Yeah, my brother-in-law lives in Bellville and my nephew sent me that in a text. I was wondering what the story was.


----------



## RogerB (Oct 11, 2005)

Trouthunter said:


> So Roger, you're by yourself, no tractor with a lift, nothing but your strong back and a pickup...how do you load that pig?
> 
> 
> 
> TH


I wouldn't - it'd still be where it fell - waiting for buzzards.


----------



## 9121SS (Jun 28, 2009)

Lots a bacon there!


----------



## scwine (Sep 7, 2006)

Got this emailed from a friend in Bellville a few days ago. Big hog indeed.

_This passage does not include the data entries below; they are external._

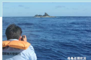
低潮線保全区域の巡視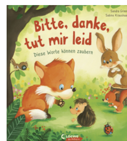
Bitte, danke, tut mir leid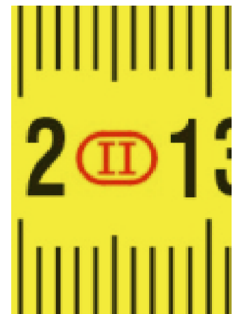
Precisenness to class II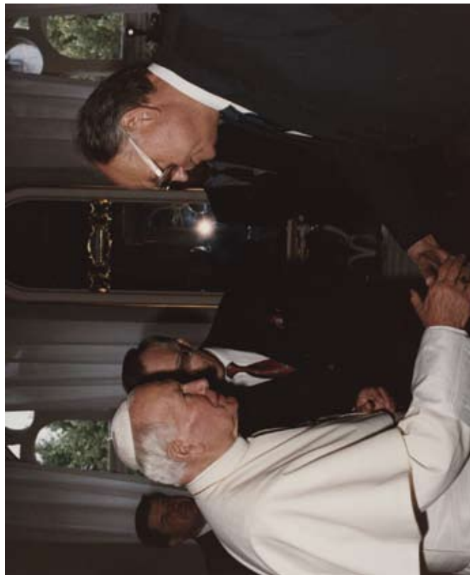
Romas pāvesta Jāņa Pāvila II vizīte Rīgā 1993. gada septembrī. Aiz viņa - A. Gorbunovs un V Birkavs.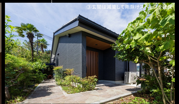
③玄関は減築して雨除けスペースを確保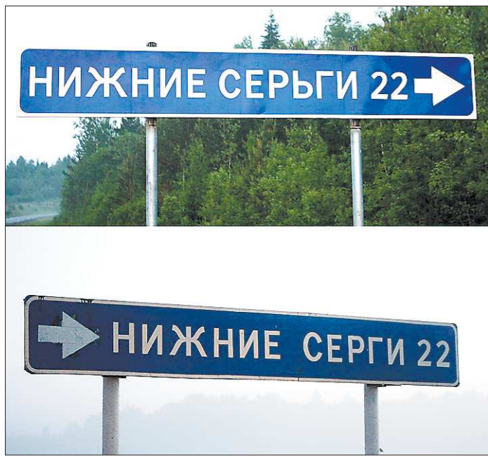
Кстати, от «знаковой» ошибки нередко страдает и нижнесергинский сосед - посёлок Верхние Серги. Правда, с дорожными указателями там пока всё в порядке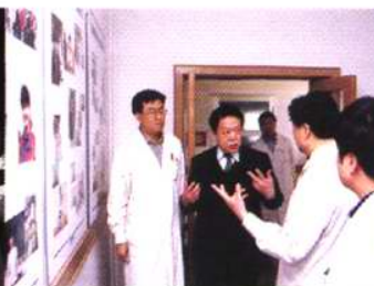
原卫生部副部长殷大奎视察我院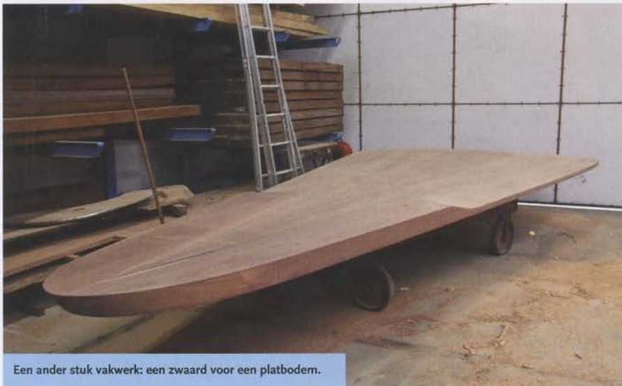
Een ander stuk vakwerk: een zwaard voor een platbodem.

De productiehal in Enkhuizen waar de masten worden gemaakt, is geklimatiseerd met een constante temperatuur. Dat gebeurt op energie-efficiënte wijze: voor de vloerverwarming wordt gebruik gemaakt van een warmtepomp en IJsselmeerwater. Door de geconditioneerde omstandigheden zijn de verlijmingscondities goed en constant en daardoor kun je volgens Baars de wanddiktes van de masten optimaliseren. Want de masten zijn niet meer massieve stammen, maar worden nauwkeurig samengesteld en verlijmd. Bepalend voor het gewicht en de sterkte zijn de kwaliteit van hout en hoe dat 'georiënteerd' is; dat wil zeggen hoe de jaarringen lopen. Baars laat een monster zien waarin behalve Spruce ook Massaranduba, Braziliaans hardhout, is verwerkt. "Stengen bijvoorbeeld moeten niet alleen licht, stijf en sterk zijn, maar

....But did anyone have a 4H'er get out of the pen nearby lately?


----------



## devil1824 (Sep 4, 2010)

The thing about this hog is it actually looks like its been in the wild a while. Long tail instead of short and curly, long nose instead of short and long burly hair. Nice hog!


----------



## spoonripper (Apr 4, 2009)

Must of taken a crane to lift his big butt in the truck. What a pig!


----------



## scwine (Sep 7, 2006)

devil1824 said:


> The thing about this hog is it actually looks like its been in the wild a while. Long tail instead of short and curly, long nose instead of short and long burly hair. Nice hog!

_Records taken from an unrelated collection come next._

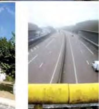
تصویر ۴: موقعیت پارک طبیعی وکسن (Vexin) در مرز ناحیه شهری پاریس، فرانسه.

Pic3. Landscape structure plan of Les Cévennes region, France.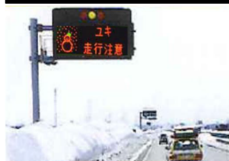
情報板による注意喚起

冬の雪道は、乾燥路に比べて滑りやすくなっています。 このような路面では『急』の付く運転(急ハンドル、急加速、急ブレーキ)は大変危険です。 速度を控えめ に、 十分な車間距離 をとって安全運転を心掛けてください。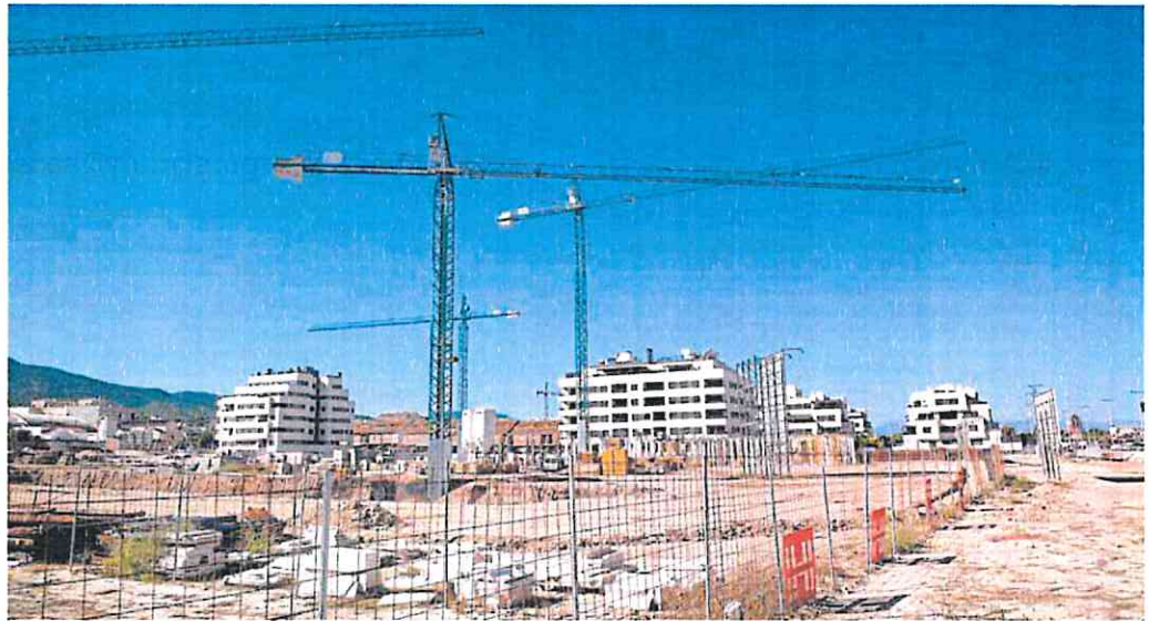
Nuevos desarrollos urbanísticos en la pedanía de Santo Ángel, junto a la Costera Sur.

El responsable de Urbanismo destacó que la cercanía del tranvía a los históricos núcleos de población de El Puntal, Churra, Cabezo de Torres y Espinardo (también en el norte del municipio) «ha fomentado el desarrollo de zonas de ensanche junto a estas poblaciones, así como nuevas áreas de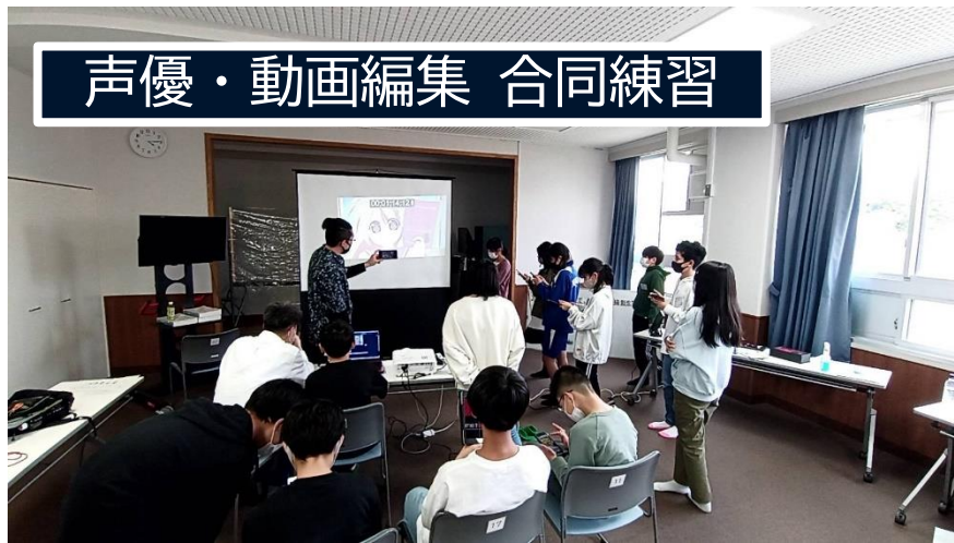
声優・動画編集 合同練習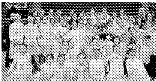
PICCOLI FENOMENI Le bimbe vincitrici del trofeo Mariele Ventre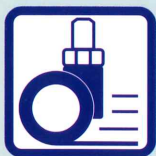
スムーズキャスター

耐摩耗性に優れた50φ径のナイロン樹脂キャスターにより、スムーズな移動が可能です。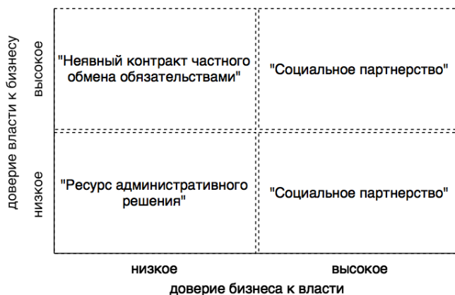
Рис. 2. Матрица взаимодействия властных и предпринимательских структур [6, с. 17]

По мнению Шабанова Р.Р., можно выделить четыре формы взаимодействия государства и частного сектора в зависимости от степени доверия экономических субъектов друг к другу и представить данные формы в виде матрицы взаимодействия (рис. 2).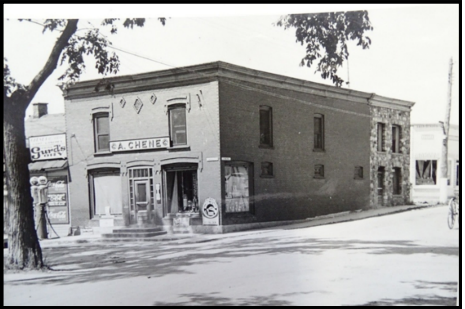
Photo réalisée à peu près à la même époque que la précédente du magasin général Chéné avec son entrepôt en pierre entre son magasin et le magasin Cadieux. On note, sur la gauche, la pompe à essence, en partie cachée par l'arbre, qui semble avoir été déplacée du coin de rue.

« Le magasin général, pilier des communautés rurales aux XIXe et XXe siècles, était un commerce tout-en-un proposant épicerie, quincaillerie, vêtements et outils. Véritable centre social, il servait de point de rencontre, de bureau de poste et de relais pour les voyageurs. Il a décliné avec l'arrivée des supermarchés et de l'automobile. »

Yeah, definitely been in the wild a while. He also definitely had a great food source as well.

Maybe he lived a while in a stockyard mixed in w/ the cattle, or a blind cattleman kept thinking it was one of his cows. :spineyes:


----------



## Tommy2000 (Mar 23, 2008)

Yep. Domestic hog gone wild. His ears and snout give him away.


----------



## WoodDuck Wizard (Nov 18, 2007)

They took blood on it and it was supposed to be 60% domestic. The pig was also shot with a 60gr. 243.


----------



## chapman53559 (Jun 19, 2009)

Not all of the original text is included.